Odigos: An Improved CRISPR-Cas9 Effective Guide RNA Predictor
Abstract: CRISPRi is a powerful tool for modulating gene expression in human cells. By designing a gRNA homologous to the target gene of interest, one can achieve targeted knockdown of the specific gene of interest. However, with current methodologies, one has to screen multiple gRNA sequences for efficient targeting while minimizing off-target effects. We present a prediction model for identifying the best gRNA sequence for efficient gene targeting in human cells. Starting with experimental data from knocking down specific genes using several gRNAs in iPS cells, we leverage machine learning to inform better selection of the gRNA. Our tool will be invaluable for designing gene targeting gRNAs and will reveal underlying biochemical principles governing CRISPR efficiency.
This project contains
- Training and test data from Dr. Perli's collected results in Shinya Yamanaka's Lab at Gladstone Institutes, UCSF
- Source code to train a new model using RT qRT-PCR data with the pioneering code Horlbeck et al., eLife 2016]
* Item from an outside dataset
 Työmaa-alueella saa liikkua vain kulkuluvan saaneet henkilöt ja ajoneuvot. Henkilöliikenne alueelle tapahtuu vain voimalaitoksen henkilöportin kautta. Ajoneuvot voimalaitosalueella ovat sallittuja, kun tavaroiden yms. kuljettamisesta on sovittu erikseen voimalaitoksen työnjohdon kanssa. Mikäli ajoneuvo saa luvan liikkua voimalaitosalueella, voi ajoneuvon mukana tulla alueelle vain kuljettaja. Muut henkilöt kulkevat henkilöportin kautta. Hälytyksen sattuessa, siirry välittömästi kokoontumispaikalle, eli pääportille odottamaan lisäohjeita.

- Comparative study of Weissman algorithm score, our own project's scores, and Dr. Perli's efficiency measurements of each guide.
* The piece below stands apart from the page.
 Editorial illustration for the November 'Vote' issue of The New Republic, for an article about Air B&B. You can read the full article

- A tool to generate 10 small guide RNAs using our model and analyzes off-target stringency for genes in host genome.
- Python v3.8
- Jupyter notebook
- Biopython
- Scipy/Numpy/Pandas
- Scikit-learn (On Ubuntu sklearn)
- bxpython (v0.5.0, https://github.com/bxlab/bx-python)
- Pysam
- Plotly
- xlrd
External command line applications required:
- ViennaRNA
- ViennaRNA binary packages for various Operating systems can be downloaded from https://www.tbi.univie.ac.at/RNA/#binary_packages
- RNAfold binary from this package is used study secondary structure data.
- Bowtie (not Bowtie2)
Large genomic data files required:
- Genome sequence as FASTA (hg19)
- FANTOM5 TSS annotation as BED (TSS_human)
- Chromatin data as BigWig (MNase, DNase, FAIRE-seq)
- Quad Core 16GB RAM, 100GB Storage Ubuntu 18.x/20.04 LTS
-
To make it easier the large_data_files referenced by our project are made available at url: https://odigoscrispr.s3-accelerate.amazonaws.com/large_data_files.tgz
-
Same package is also available at url: https://odigoscrispr.s3-us-west-1.amazonaws.com/large_data_files.tgz
-
The contents of this zip are mentioned in https://odigoscrispr.s3-us-west-1.amazonaws.com/large_data_files.README
- Install the required Python module dependencies.
- Download and extract the release.
- Download and extract the large_data_files directory from above url into source directory.
- If you extracted large_data_files into a seperate folder then please modify LARGE_FILE_DIR definition in notebook files to point to that base directory path.
-
It is recommended to use jupyter notebook server to run our software. This package contains the following notebooks.
-
iGEM_CRISPRi_Library_Design.ipynb : To train the model and create igem_v1_estimator that can be used to score and/or generate guideRnas.
-
iGEM_CRISPRi_sgRna_Score_Comparision.ipynb: To do the comparative study of scores of guideRnas across Weissman algorithm, iGEM algorithm and lab scores.
-
iGEM_CRISPRi_Gene_Guide_Selector.ipynb: To generate guides for a gene including offtarget filtering (Currently supports human and can be extended to different hosts)
-
Walk through of above note books also made available with corresponding html extension.
-
- We observed it is easier to setup these packages and run them using Jupyter Notebook in Anaconda NAVIGATOR
- Add bioconda,conda-forge to Anaconda default channel to install some of required packages above
- On Some Mac systems we observed RNAfold giving an error about missing libmpfr.4.dylib. *If required install mpfr using "brew install mpfr" and ensure lib libmpfr.4.dylib is accessible to RNAfold binary.
- bowtie can be installed from the following location https://sourceforge.net/projects/bowtie-bio/files/bowtie/1.3.0/bowtie-1.3.0-macos-x86_64.zip/download *Please ensure bowtie is add to PATH so that it can be invoked by our modules to run bowtie to do alignment related study.
- These modules are not supported on Windows systems because few bio modules required by application are not supported on windows.